"In cooking, as in all the arts, simplicity is a sign of perfection." - Curnonsky

Thursday, January 3, 2008

Pushing Daisies: B*tches

Dear Pushing Daisies:

I already spend most Wednesdays in sugar shock over your preciousness, so did you really need to amp it up this week by bringing in puppies? If there's such a thing as a cuteness heart attack (a cute-attack?), I was definitely having one.

But the Coll-A-Dor-Russell-A-Poo wasn't the only thing making me swoon during this episode. There were also some truly adorable moments between Ned and Chuck, a whole new side to Emerson Cod, Claymation dreams, and a potentially fatal dose of "almond-flavored coffee cream creamer." It's really saying something when the closest thing your show has to a villain is a wisp of a woman named Olive Snook.

If there's one image from this episode that will be irrevocably burned into my brain, it's the moment in Ned's dream when Olive stripped off her Chuck suit. Wow. I knew the whole being-apart-together situation was wearing on Ned and Chuck (as evidenced by Ned's Halloween kiss of Olive) but that was a pretty vivid representation of where the two of them are right now.

Emerson's description of polygamy — one woman to have, one to hold — certainly hit home for Ned, despite his protests that he'd make a terrible polygamist ("I'm easily distracted; I wouldn't know where to focus"). Trouble is, Ned doesn't even want to hold the woman he can hold. His schmoopy "You're the only one for me" certainly prompted a chorus of "awwwww"s in my living room.

As compelling as their romance is, though, I got more of a kick out of Emerson's love-goggles when it came to Harry's stern ex-wife, Simone. Clearly, there was no love lost between Simone and Harry, who had themselves quite the business arrangement. Emerson, though, somehow got charmed by Simone despite her freakishly sterile dog-training room and her tendency to chloroform others to get her way. Hey, love knows no logic.
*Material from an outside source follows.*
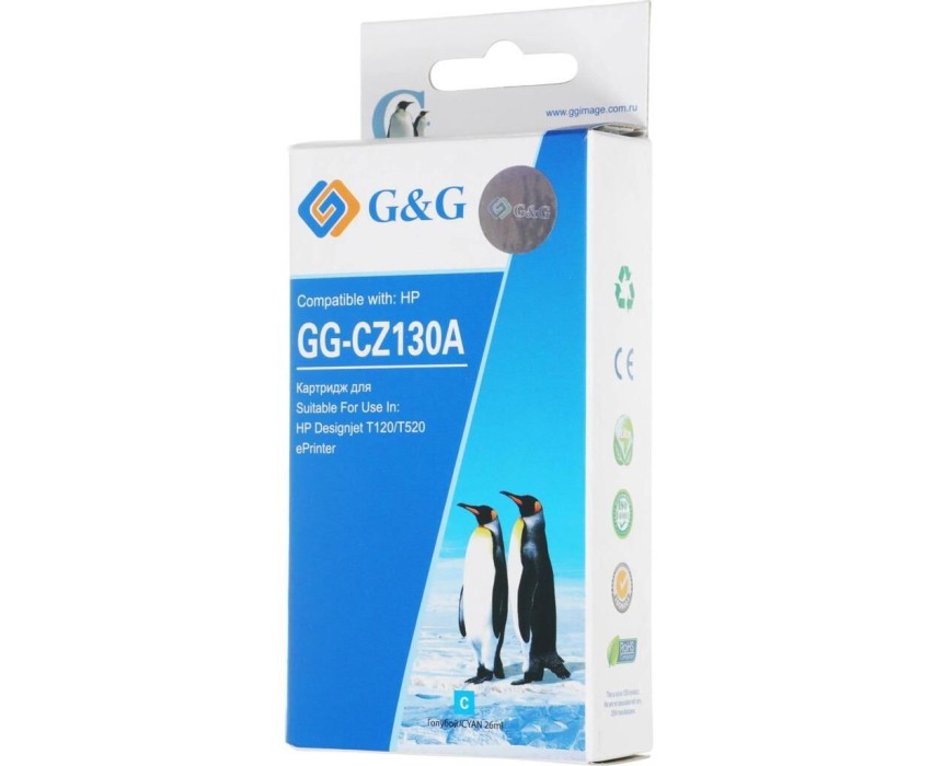 Картридж струйный G&G Картридж струйный GG-CZ130A голубой (26мл) для HP DJ T120/T520
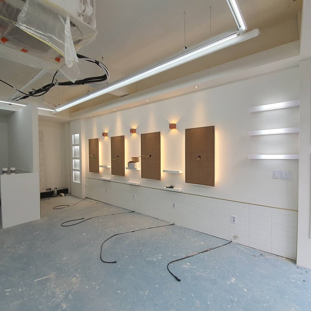 매장 천장에는 레일등을 설치하고 간접등을 설치하여 고급스러운 분위기를 높여 드렸습니다. 그로 인해 화이트 인테리어가 더욱더 퀄리티가 높아졌습니다.

The case itself was a typical knot of twists and turns and satisfying resolutions, albeit one with more fabulous fashions (and more Joel McHale) than normal. This show will never be about the cases for me; instead, it's about the perfect dialogue and the visual confections. So on that note, here were some of the other things that stood out to me this time:

Olive on Ned and Chuck not touching: "That's the most tragic story I've ever heard, notwithstanding the big-ticket items like genocide and famine."

The alive-again part of things got a new dimension this week, as Ned and co. brought Snuppy back to life during the funeral to see which of the wives would freak out.

Loved the shot of the re-dead Snuppy crumpling to the ground, then Ned asking Emerson to "take care of that."

Best moment of Jim Dale narration, possibly of the whole series: "Harold Hundin was, indeed, a damn polygamist."

My favorite Emerson quip: "I suppose I could pay my bills with blind kids' smiles, but taking their money seems a lot easier." Speaking of the blind kids, nice throwback to the aunts with Chuck's story of how she became blind from kitty litter in the eye.

How perfect that Simone had apparently taught Bubblegum the command "go hide!"

Sight Gag O'The Week: Digby covering his eyes during Ned's sexy dream, with the pew of mourning dogs and Emerson's drug-induced dream close runners-up.